Crafting {:} a Life was a breath of fresh air. The unconference dispensed with pretension, titles or faux expertise. Everyone had for the most part a chance to share their story, contribute, and talk. While some asked what I did for a living, it was only after all other avenues of discussion were explored. For the most part one-to-one conversations were much like what I had with Robert Paterson, (“What is Clark’s story” he asked) open ended, personal, and with the ability to discover new things about the other. The activities emphasized small groups and there was no “oh my God my PPT is out of order what will we talk about” that I myself have fallen victim to. There was music, laughter, food and tears. It was genuine, …

I think that goes to the heart of it. It was genuine, the format didn’t deny we are human but embraced it as a key element. And in the space we created there was way more room than usually at events to be heard, to listen. And most of all: space to share the enormous gift of two days worth of your focused attention.
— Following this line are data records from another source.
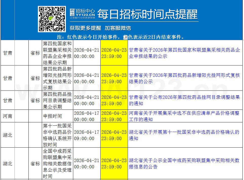 今日政策汇总与招标时间点提醒4月23日-24日
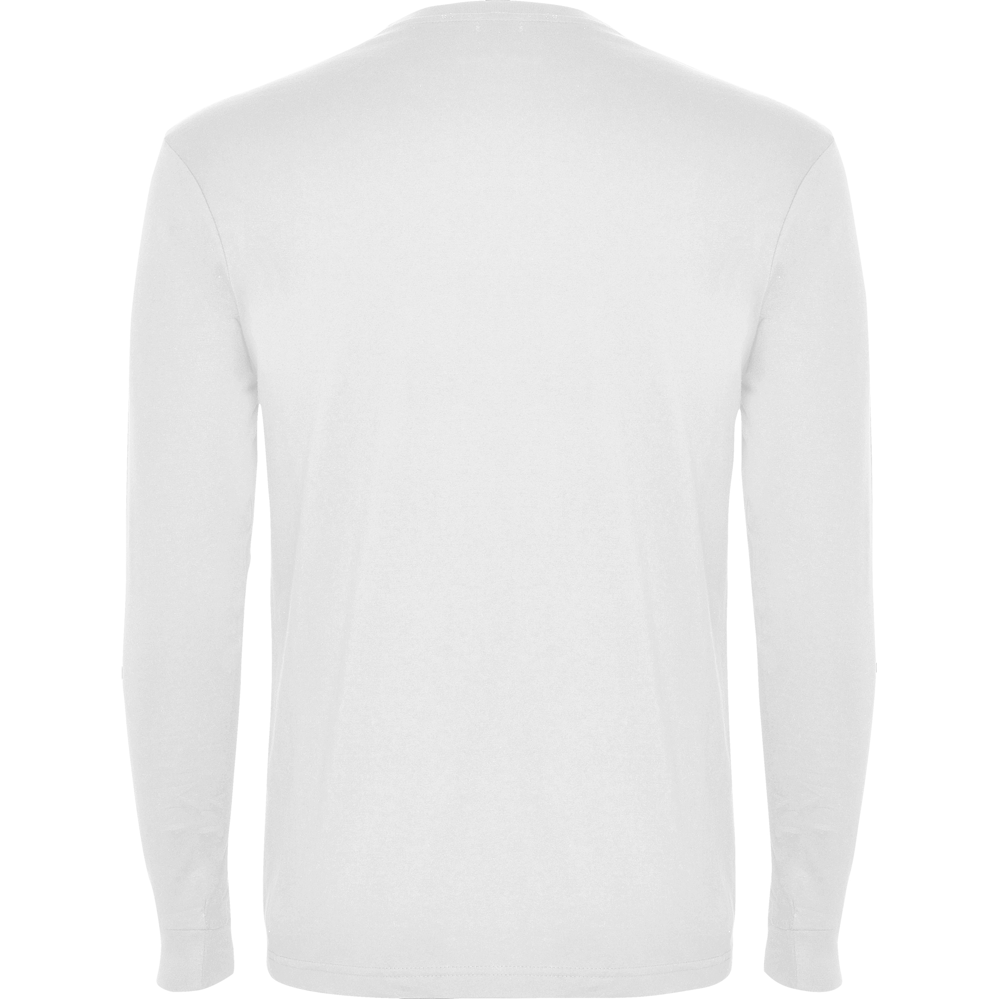 Camiseta de manga larga tubular en tallas de adulto y costuras laterales en tallas de niño. Cuello redondo y puños en canalé 1×1 (cuello 4 capas).
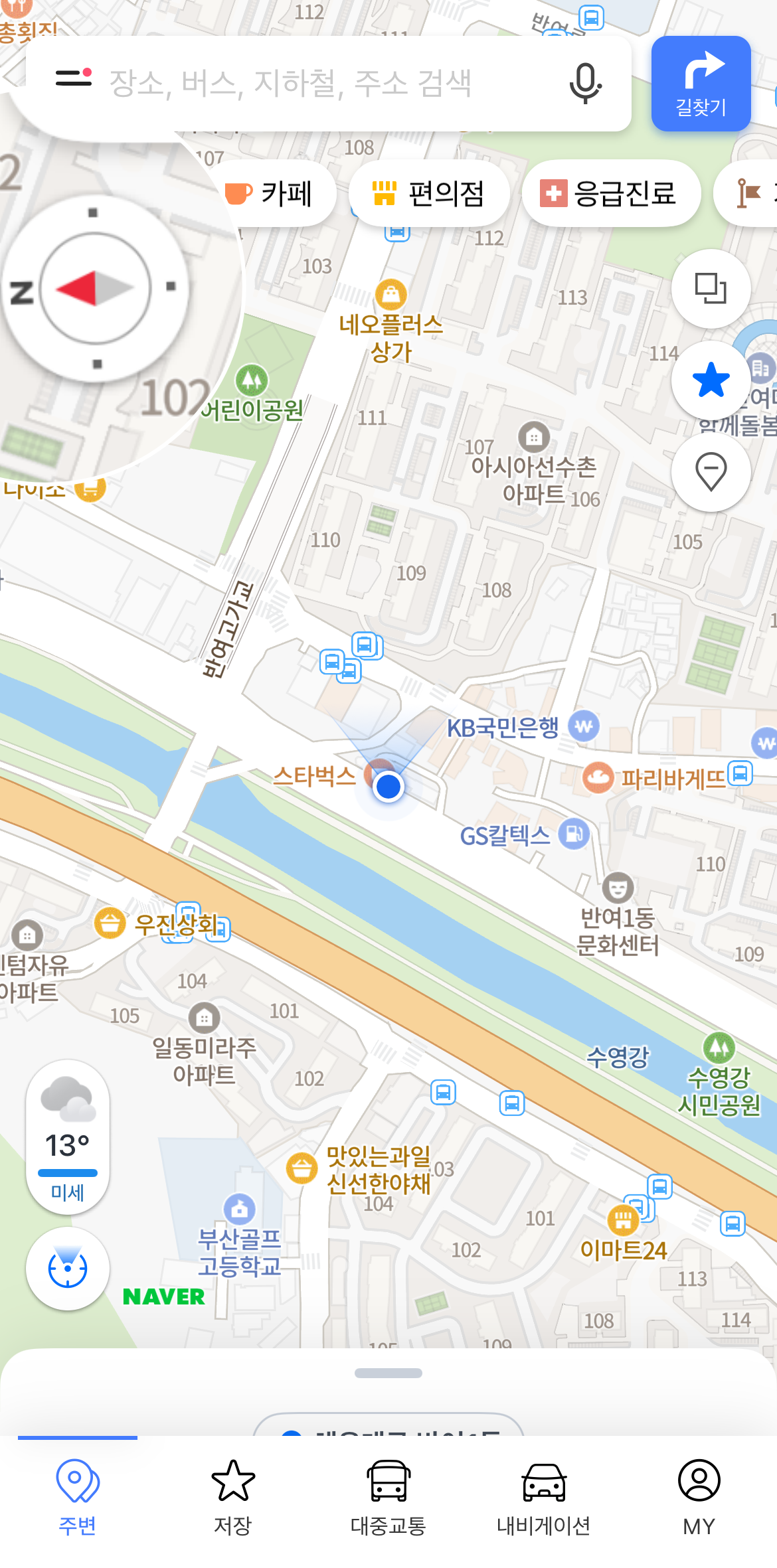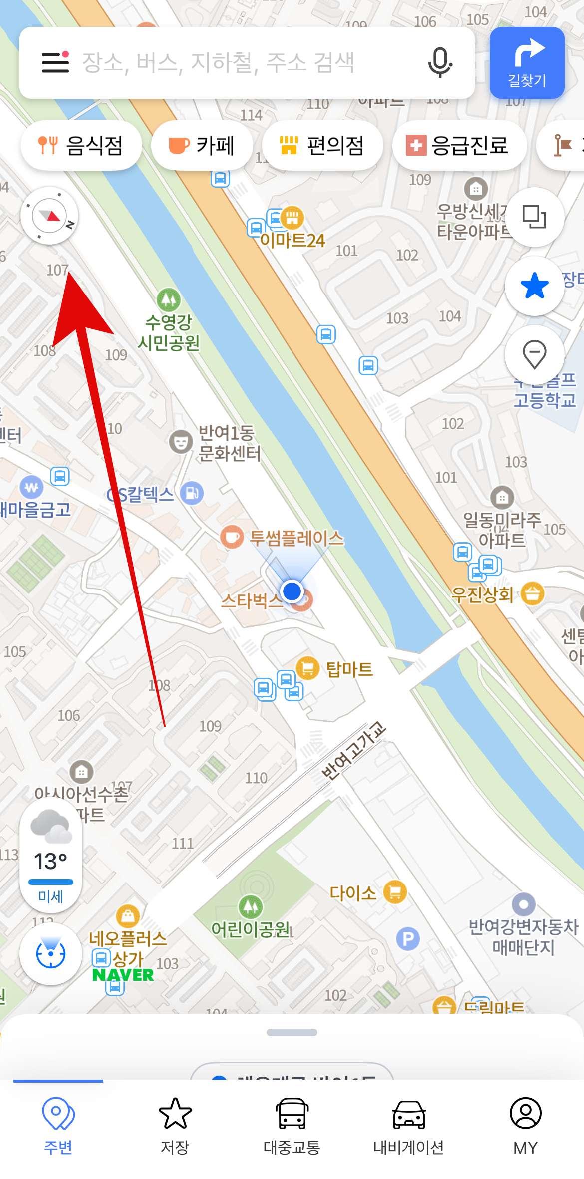 네이버 지도 나침반 설정을 하기 위해서 먼저 네이버 지도에 들어간다. 네이버 지도에서 주변이나 내비게이션을 눌러주면 지도가 나올 것이다. 여기서 왼쪽 아래에 있는 동그란(현재위치표시) 버튼을 눌러보자. 그러면 왼쪽 위에 작은 나침반이 생긴 것을 볼 수 있을 것이다. 네이버 지도 어플에 위치서비스 공유를 허용하지 않았다면 설정에 들어가서 허용을 해야 사용이 가능하다.
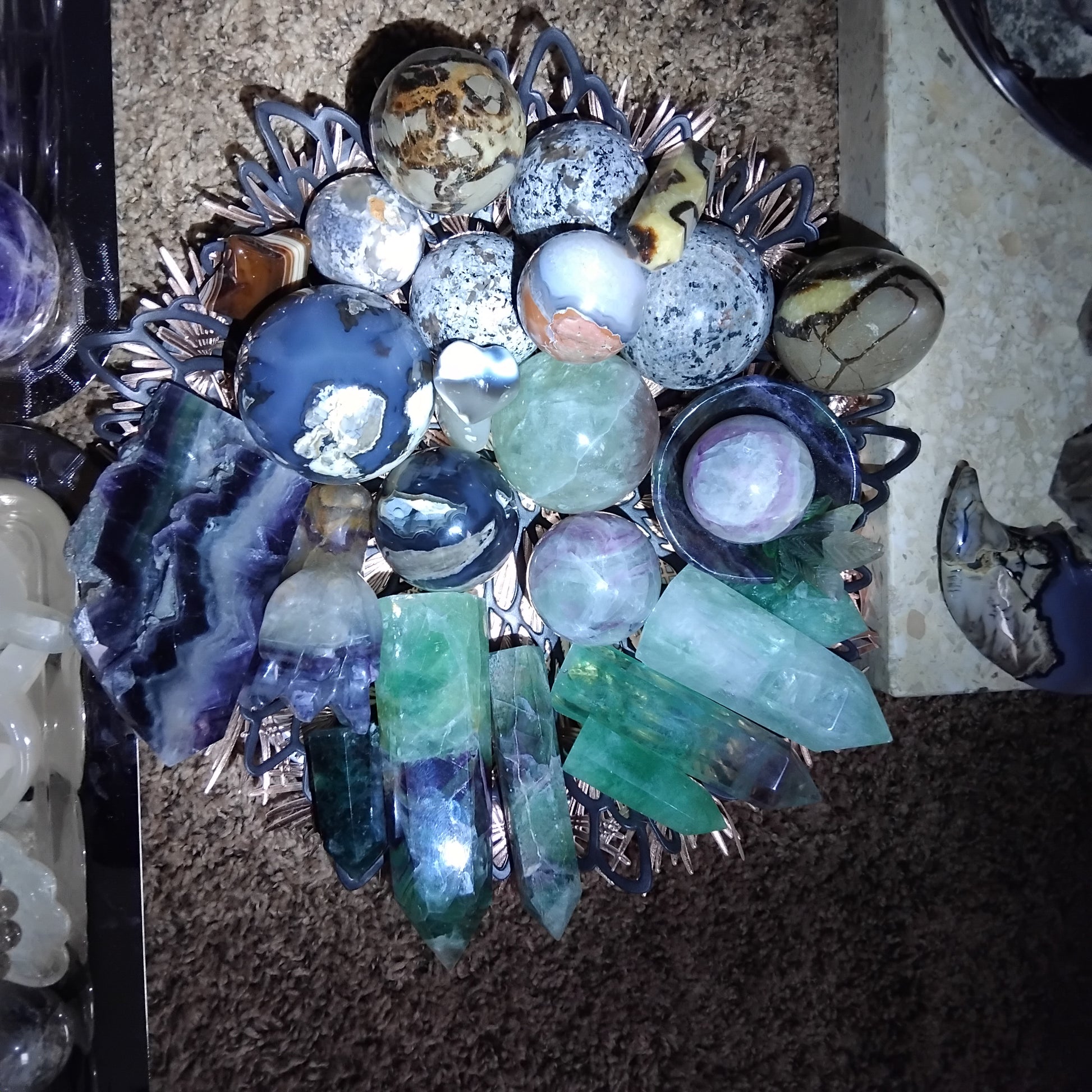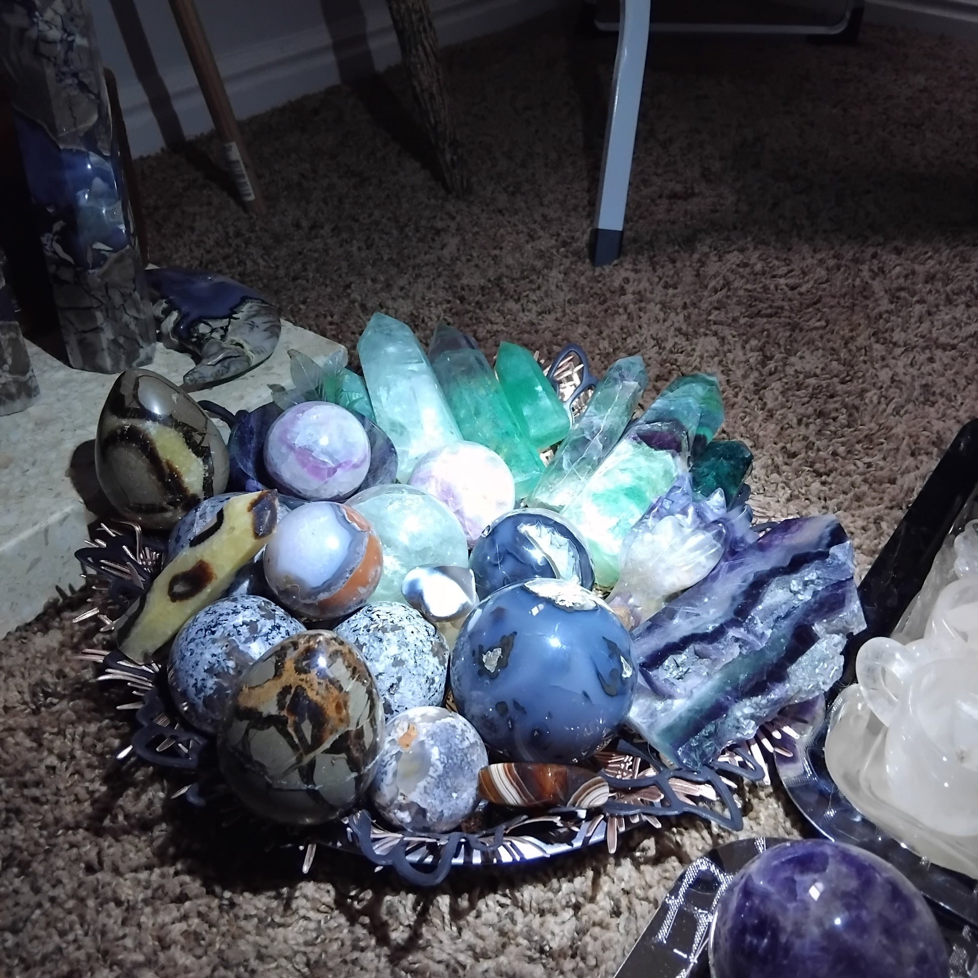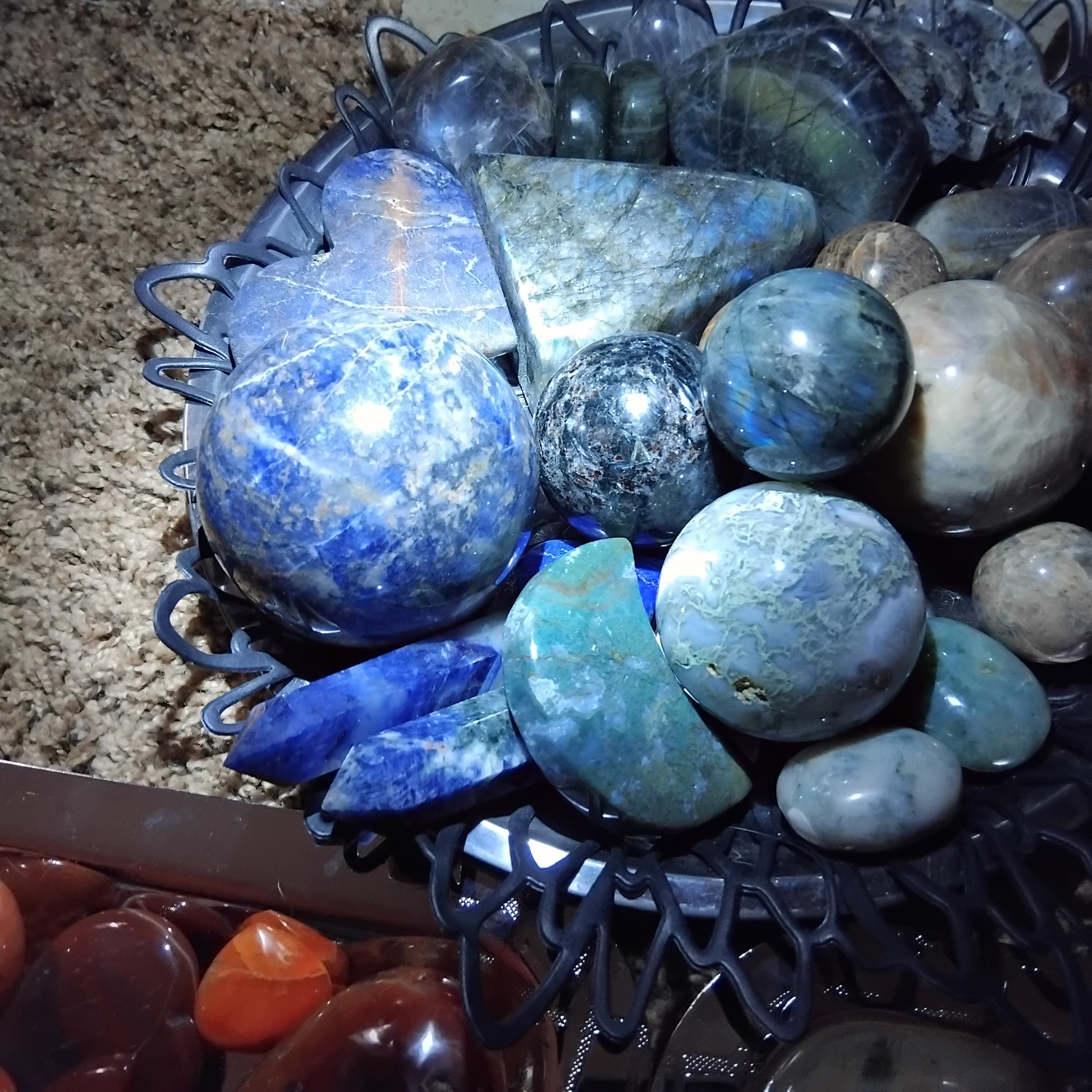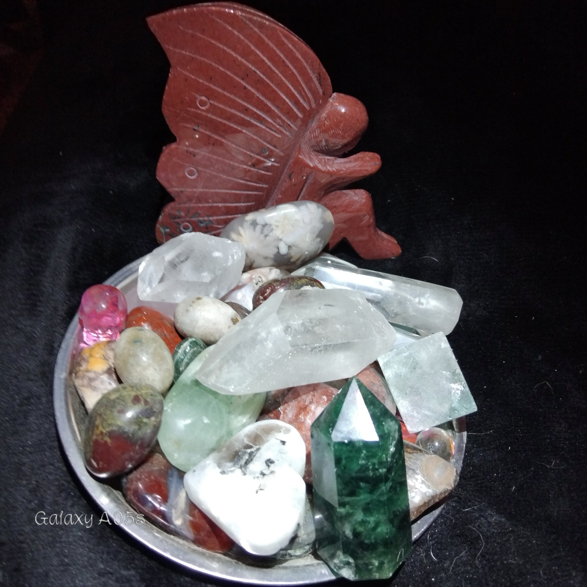 Quartz varieties, fluorite, pyrite, calcite, moonstone, opal, carnelian, agate, if it's not listed, just ask! All orders come with stone description, info and locale. Customize whatever you like in your specialty made bag, box or metal plate for showcase.
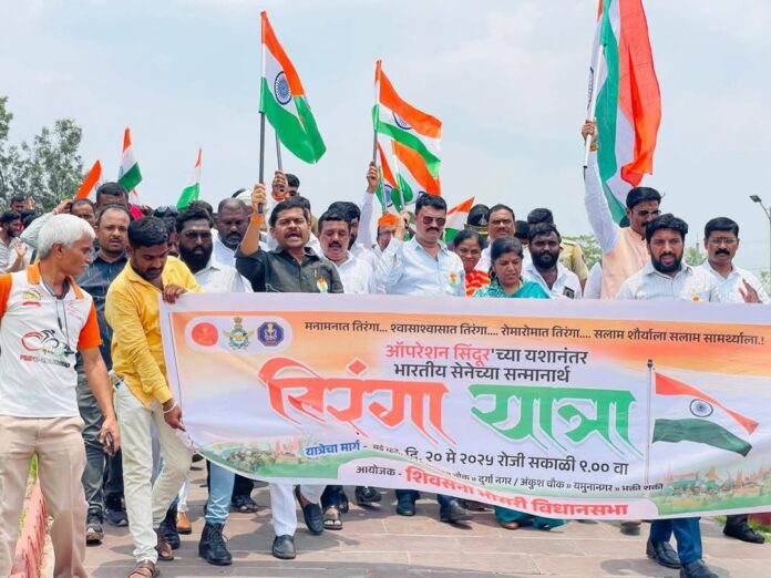 महाराष्ट्राचे उपमुख्यमंत्री एकनाथ शिंदे च्या आदेशानुसार तसेच शिवसेना उपनेते इरफान भाई सय्यद ,जिल्हाप्रमुख भगवानशेठ पोखरकर व भोसरी विधानसभा शहर प्रमुखnसंभाजीराव शिरसाट यांच्या मार्गदर्शनाखाली ऑपरेशन सिंदूरच्या यशानंतर भारतीय सेनेच्या सन्मानार्थ आजपिंपरी चिंचवड शहरातील भोसरी विधानसभा मध्ये भव्य तिरंगा यात्रा काढण्यात आली.सदर तिरंगा यात्रेला मोठ्या उत्साहामध्ये शिवसैनिकांनी,युवकांनी ऑपरेशन सिंदूरच्या ऐतिहासिक विजयाबद्दल सहभाग घेत भारतीय सैन्याचा जय -जयकार केला .

I feel it is that that makes these events stand out. Most other events don’t do that for its participants: Space for focused attention, while embracing your humanity. Reboot did that, it even had a kindergarten on site and people brought their kids e.g. But that approach is very scarce. It needn’t be. It also needn’t be an unconference to create it. A conversation, dinner party, or other occasion might just as well. (I found that video btw on a blog in the rss feeds of one of the participants, which seems apt).

On our way home Elmine suggested doing a second edition of our e-book ‘How to unconference your birthday’ (PDF). I think that is a very good idea, as Peter and us now have experience from both being an organiser and a participant, and we have now several additional events worth of experiences to draw upon. We created the first edition as a gift and memento to all participants of our 2010 edition, the 2nd such event we did and the first we did in our home. A decade on a second edition seems fitting.